** Opening INFORMATION GIVEN block **
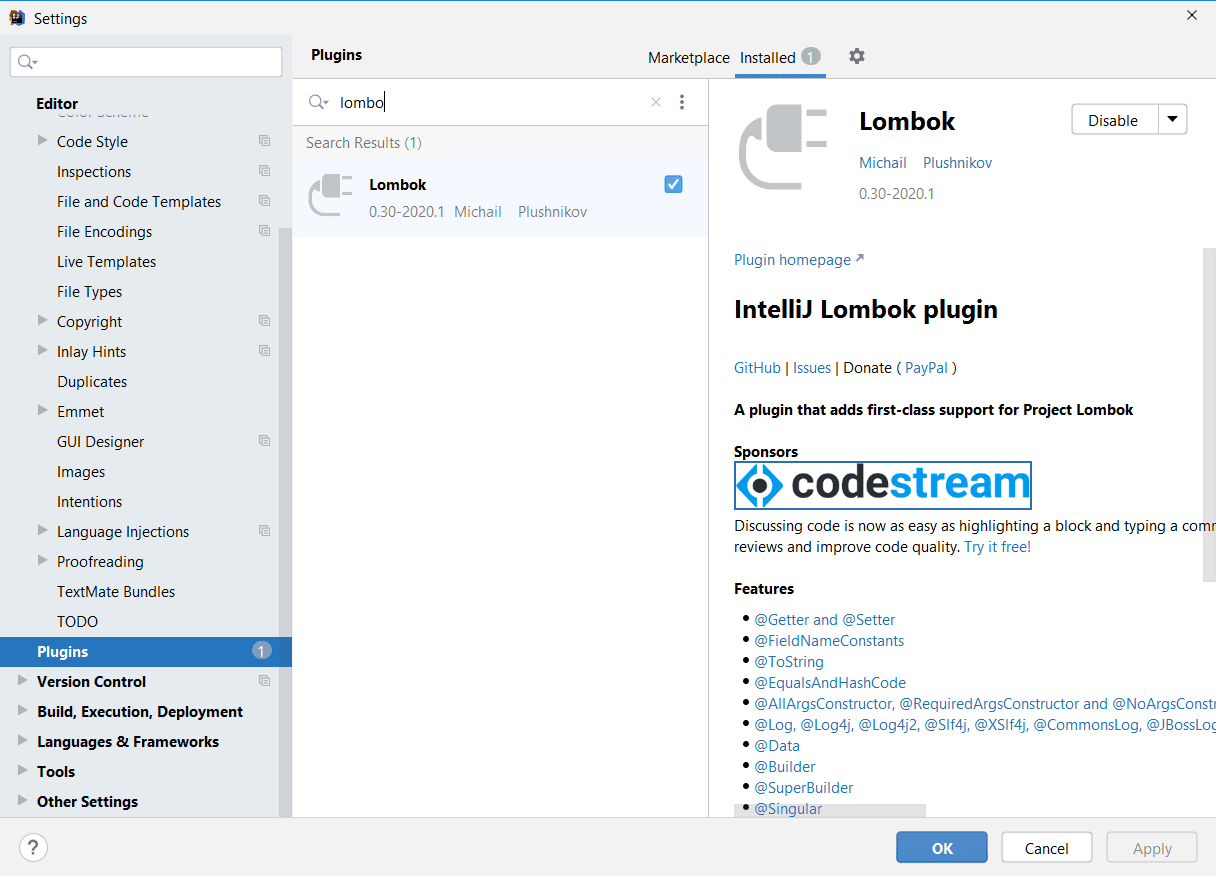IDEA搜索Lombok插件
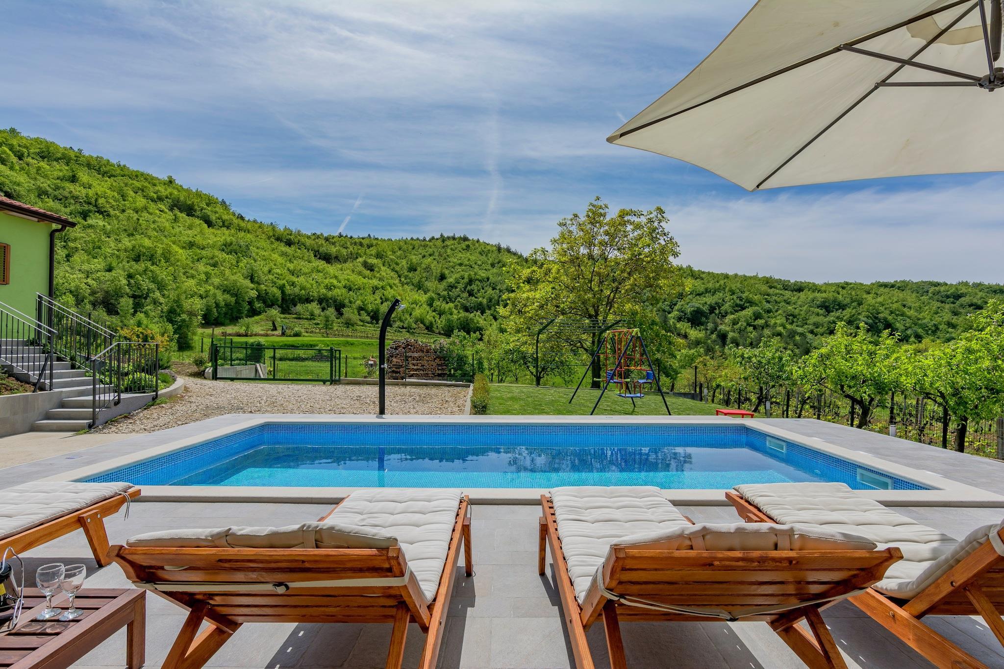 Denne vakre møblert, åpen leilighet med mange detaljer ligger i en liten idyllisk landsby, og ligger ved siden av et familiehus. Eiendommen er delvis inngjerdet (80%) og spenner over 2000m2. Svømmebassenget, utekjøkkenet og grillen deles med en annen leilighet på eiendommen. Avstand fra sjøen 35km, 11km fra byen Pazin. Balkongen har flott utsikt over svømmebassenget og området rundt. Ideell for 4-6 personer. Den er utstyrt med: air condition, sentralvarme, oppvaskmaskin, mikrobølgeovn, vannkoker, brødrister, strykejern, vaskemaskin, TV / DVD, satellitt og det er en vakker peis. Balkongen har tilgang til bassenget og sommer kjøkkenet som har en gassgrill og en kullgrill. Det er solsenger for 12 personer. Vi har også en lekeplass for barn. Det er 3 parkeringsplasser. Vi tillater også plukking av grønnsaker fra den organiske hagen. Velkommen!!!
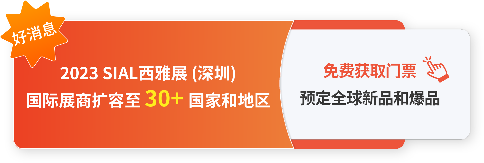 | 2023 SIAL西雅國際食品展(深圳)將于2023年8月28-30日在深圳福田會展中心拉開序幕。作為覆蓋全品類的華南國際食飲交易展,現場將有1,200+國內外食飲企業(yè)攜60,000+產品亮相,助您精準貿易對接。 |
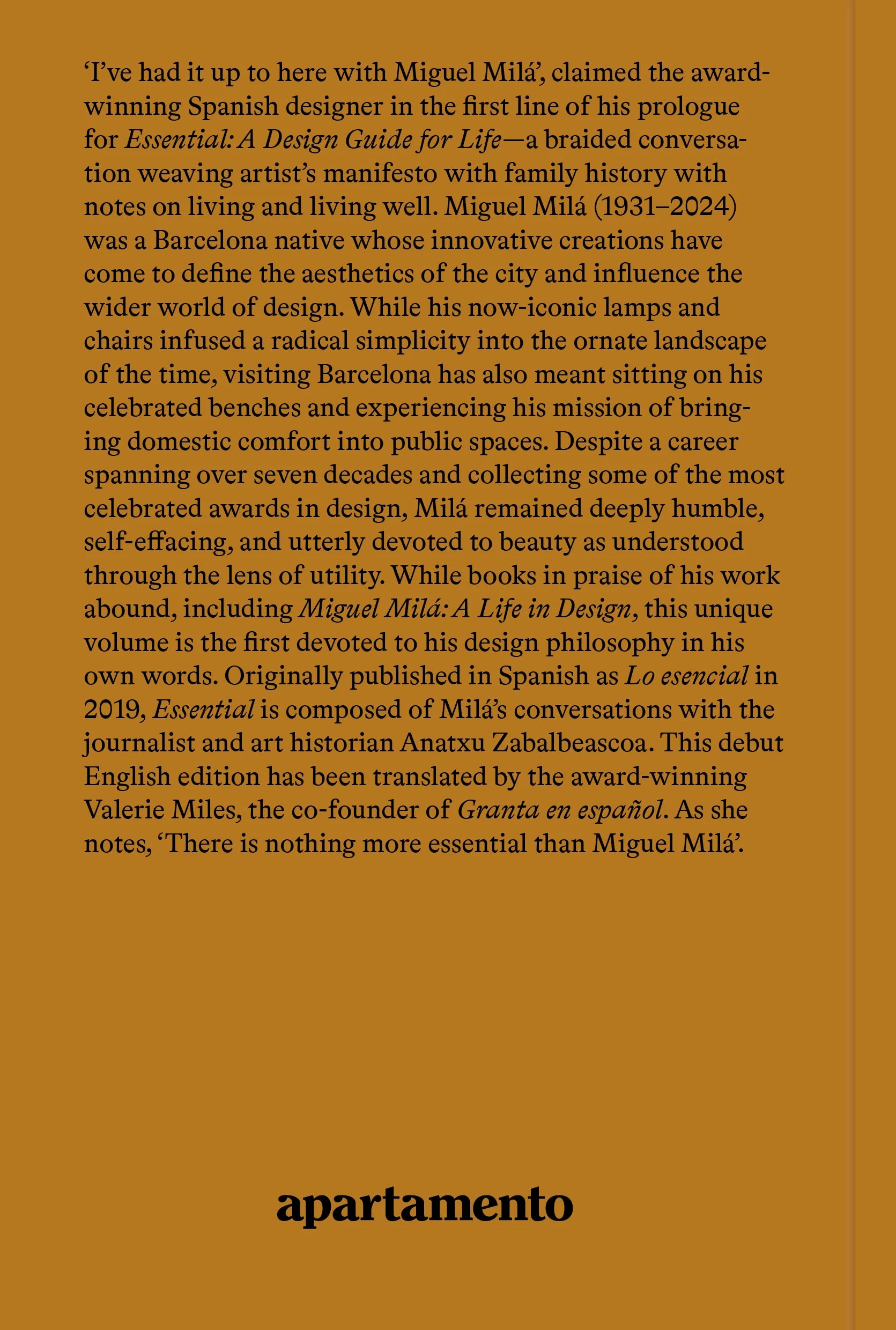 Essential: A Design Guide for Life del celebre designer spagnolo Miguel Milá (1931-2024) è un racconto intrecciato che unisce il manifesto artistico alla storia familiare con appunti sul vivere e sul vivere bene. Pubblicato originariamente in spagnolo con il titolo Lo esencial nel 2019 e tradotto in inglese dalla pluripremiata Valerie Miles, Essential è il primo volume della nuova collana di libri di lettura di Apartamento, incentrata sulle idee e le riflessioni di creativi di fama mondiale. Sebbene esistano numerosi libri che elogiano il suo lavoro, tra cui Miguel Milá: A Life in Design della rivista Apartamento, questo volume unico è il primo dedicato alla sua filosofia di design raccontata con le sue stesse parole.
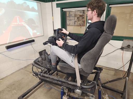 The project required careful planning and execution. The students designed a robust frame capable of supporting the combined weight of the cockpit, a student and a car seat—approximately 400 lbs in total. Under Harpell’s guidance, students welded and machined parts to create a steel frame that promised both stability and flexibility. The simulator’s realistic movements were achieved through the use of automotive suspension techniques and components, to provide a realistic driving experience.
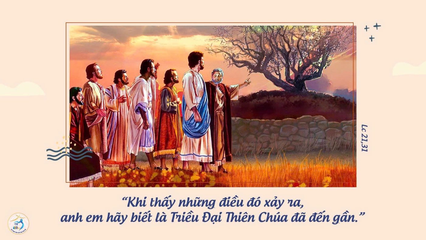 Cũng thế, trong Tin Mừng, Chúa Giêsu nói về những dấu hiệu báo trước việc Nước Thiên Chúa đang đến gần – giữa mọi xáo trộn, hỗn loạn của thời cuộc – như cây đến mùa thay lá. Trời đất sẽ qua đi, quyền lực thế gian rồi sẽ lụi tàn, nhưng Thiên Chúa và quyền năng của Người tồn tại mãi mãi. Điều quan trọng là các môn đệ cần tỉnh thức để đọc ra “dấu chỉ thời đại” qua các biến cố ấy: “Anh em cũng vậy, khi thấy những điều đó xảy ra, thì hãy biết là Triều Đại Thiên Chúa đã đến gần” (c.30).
** Closing INFORMATION GIVEN block **
EXERCISE AIM: Give back the data exactly. Skip any images.

WRITTEN RESPONSE:
IDEA搜索Lombok插件
 Denne vakre møblert, åpen leilighet med mange detaljer ligger i en liten idyllisk landsby, og ligger ved siden av et familiehus. Eiendommen er delvis inngjerdet (80%) og spenner over 2000m2. Svømmebassenget, utekjøkkenet og grillen deles med en annen leilighet på eiendommen. Avstand fra sjøen 35km, 11km fra byen Pazin. Balkongen har flott utsikt over svømmebassenget og området rundt. Ideell for 4-6 personer. Den er utstyrt med: air condition, sentralvarme, oppvaskmaskin, mikrobølgeovn, vannkoker, brødrister, strykejern, vaskemaskin, TV / DVD, satellitt og det er en vakker peis. Balkongen har tilgang til bassenget og sommer kjøkkenet som har en gassgrill og en kullgrill. Det er solsenger for 12 personer. Vi har også en lekeplass for barn. Det er 3 parkeringsplasser. Vi tillater også plukking av grønnsaker fra den organiske hagen. Velkommen!!!
 | 2023 SIAL西雅國際食品展(深圳)將于2023年8月28-30日在深圳福田會展中心拉開序幕。作為覆蓋全品類的華南國際食飲交易展,現場將有1,200+國內外食飲企業(yè)攜60,000+產品亮相,助您精準貿易對接。 |
 Essential: A Design Guide for Life del celebre designer spagnolo Miguel Milá (1931-2024) è un racconto intrecciato che unisce il manifesto artistico alla storia familiare con appunti sul vivere e sul vivere bene. Pubblicato originariamente in spagnolo con il titolo Lo esencial nel 2019 e tradotto in inglese dalla pluripremiata Valerie Miles, Essential è il primo volume della nuova collana di libri di lettura di Apartamento, incentrata sulle idee e le riflessioni di creativi di fama mondiale. Sebbene esistano numerosi libri che elogiano il suo lavoro, tra cui Miguel Milá: A Life in Design della rivista Apartamento, questo volume unico è il primo dedicato alla sua filosofia di design raccontata con le sue stesse parole.
 The project required careful planning and execution. The students designed a robust frame capable of supporting the combined weight of the cockpit, a student and a car seat—approximately 400 lbs in total. Under Harpell’s guidance, students welded and machined parts to create a steel frame that promised both stability and flexibility. The simulator’s realistic movements were achieved through the use of automotive suspension techniques and components, to provide a realistic driving experience.
 Cũng thế, trong Tin Mừng, Chúa Giêsu nói về những dấu hiệu báo trước việc Nước Thiên Chúa đang đến gần – giữa mọi xáo trộn, hỗn loạn của thời cuộc – như cây đến mùa thay lá. Trời đất sẽ qua đi, quyền lực thế gian rồi sẽ lụi tàn, nhưng Thiên Chúa và quyền năng của Người tồn tại mãi mãi. Điều quan trọng là các môn đệ cần tỉnh thức để đọc ra “dấu chỉ thời đại” qua các biến cố ấy: “Anh em cũng vậy, khi thấy những điều đó xảy ra, thì hãy biết là Triều Đại Thiên Chúa đã đến gần” (c.30).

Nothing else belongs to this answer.